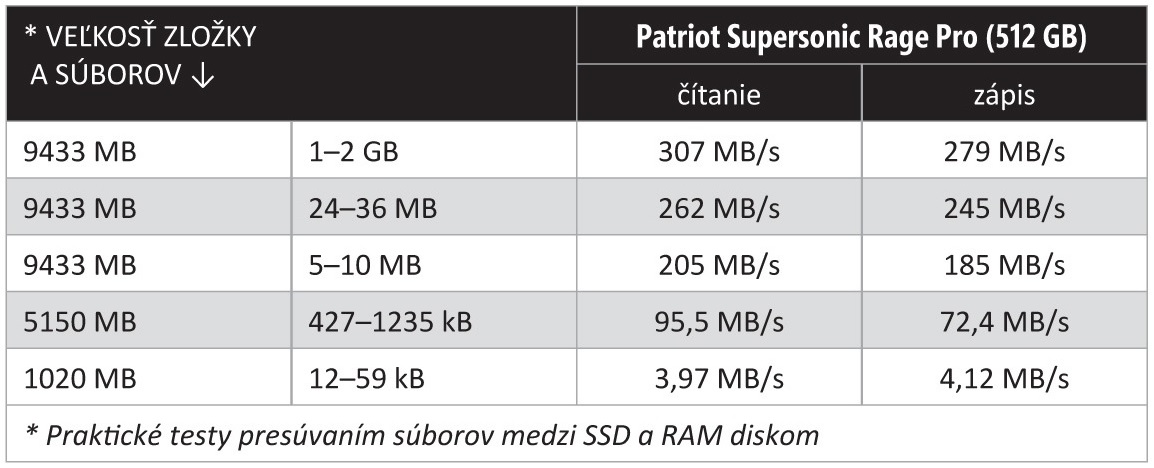 Preto sa na jednoduché kancelárske účely, sprevádzané typicky prenosmi malých dokumentov, príliš nehodí, respektíve nemá zmysel si zaň priplácať. Na prácu s fotkami, videom či grafickými súbormi však môžeme Supersonic Rage Pro odporúčať. Oproti modelu Fang má síce pomalšie čítanie, ale zase si drží stabilne vysoký výkon sekvenčného zápisu.
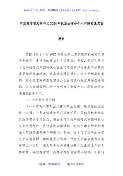 / 市应急管理局副书记2024年民主生活会个人对照检查发言材料
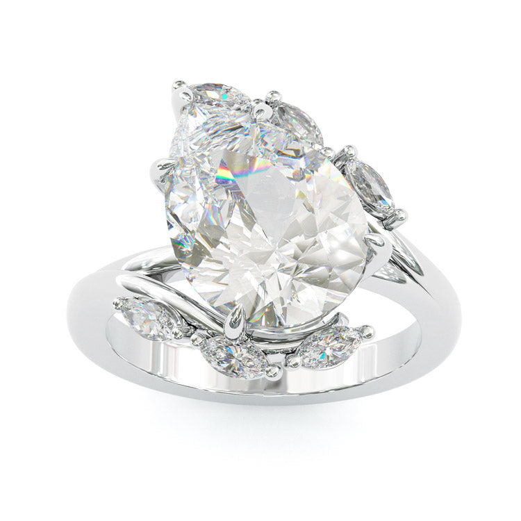 Center Stone: Pear-cut diamond with exceptional brilliance
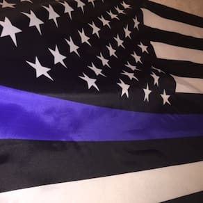 - Especificação - Importada. Feito de 100% poliéster. O pacote contém uma bandeira dos EUA Thin Blue Line de 3 x 5 pés Fly Breeze.
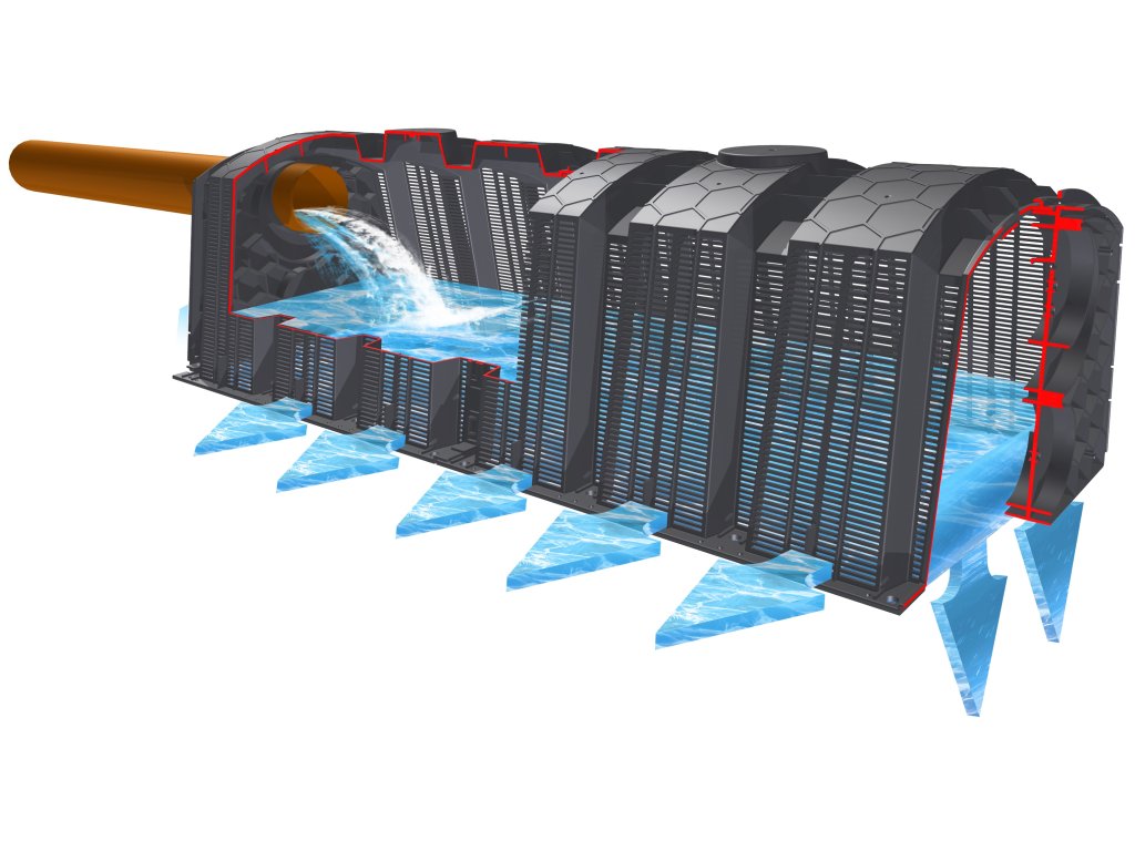 Vsakovací tunely 150 jsou určeny pro infiltraci odpadní vody z průmyslových procesů a domácností do země. Konstrukce tunelů umožňuje jejich využití i pro skladování a vsakování dešťové vody. Tunely jsou uloženy v zemi a vytvářejí tak gravitační infiltrační nánosy. Na bočních stěnách má tunel podélné štěrbiny, kterými mohou být splaškové i dešťové vody vsakovány do země.
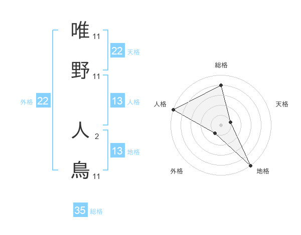 唯野 人鳥さんを姓名の画数から五運を鑑定
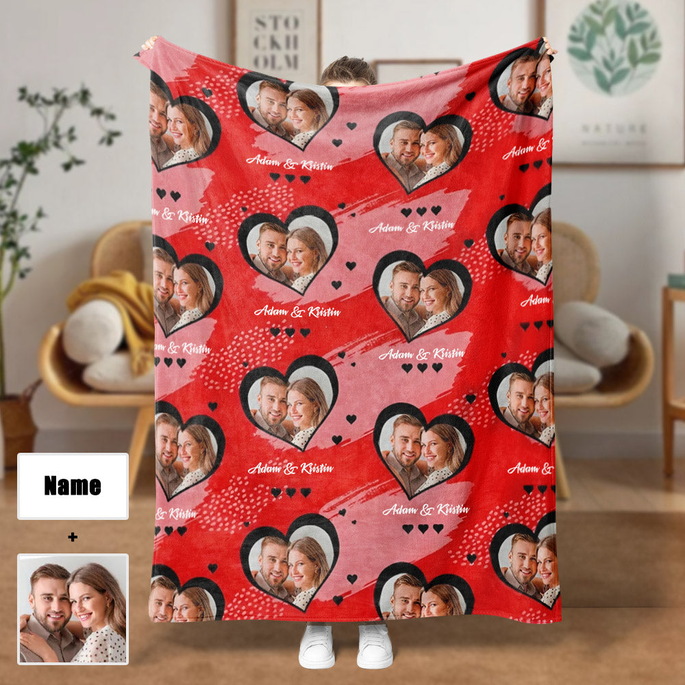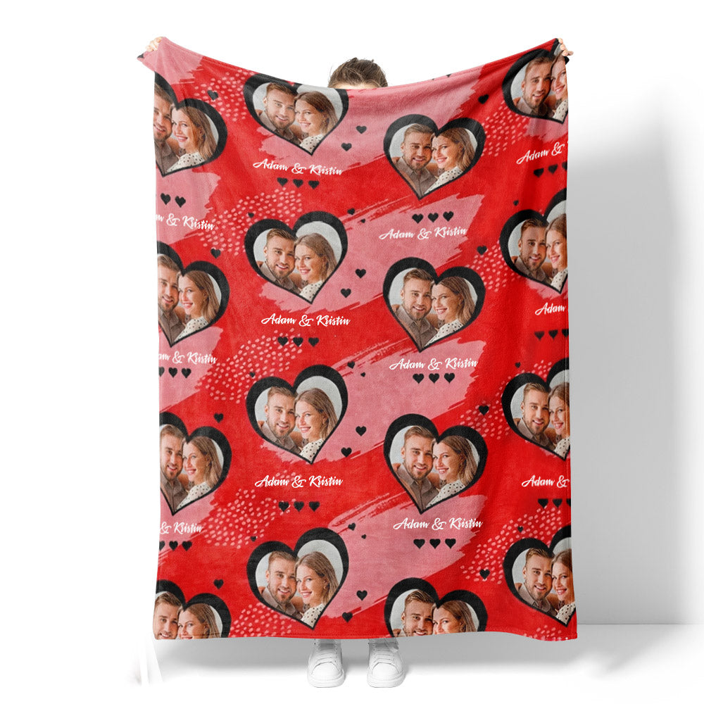 4FunGift® Custom Blankets Valentine's Day Gift Personalized Couple Heart Blanket Couple Gifts

▶ **Aim of the exercise**: Although the records above contain pictures, the copy should hold only the lines from their start through the line containing "Center Stone: Pear-cut", each exactly as written, and none of the pictures.

▶ **Solution to this exercise**:
 Preto sa na jednoduché kancelárske účely, sprevádzané typicky prenosmi malých dokumentov, príliš nehodí, respektíve nemá zmysel si zaň priplácať. Na prácu s fotkami, videom či grafickými súbormi však môžeme Supersonic Rage Pro odporúčať. Oproti modelu Fang má síce pomalšie čítanie, ale zase si drží stabilne vysoký výkon sekvenčného zápisu.
 / 市应急管理局副书记2024年民主生活会个人对照检查发言材料
 Center Stone: Pear-cut diamond with exceptional brilliance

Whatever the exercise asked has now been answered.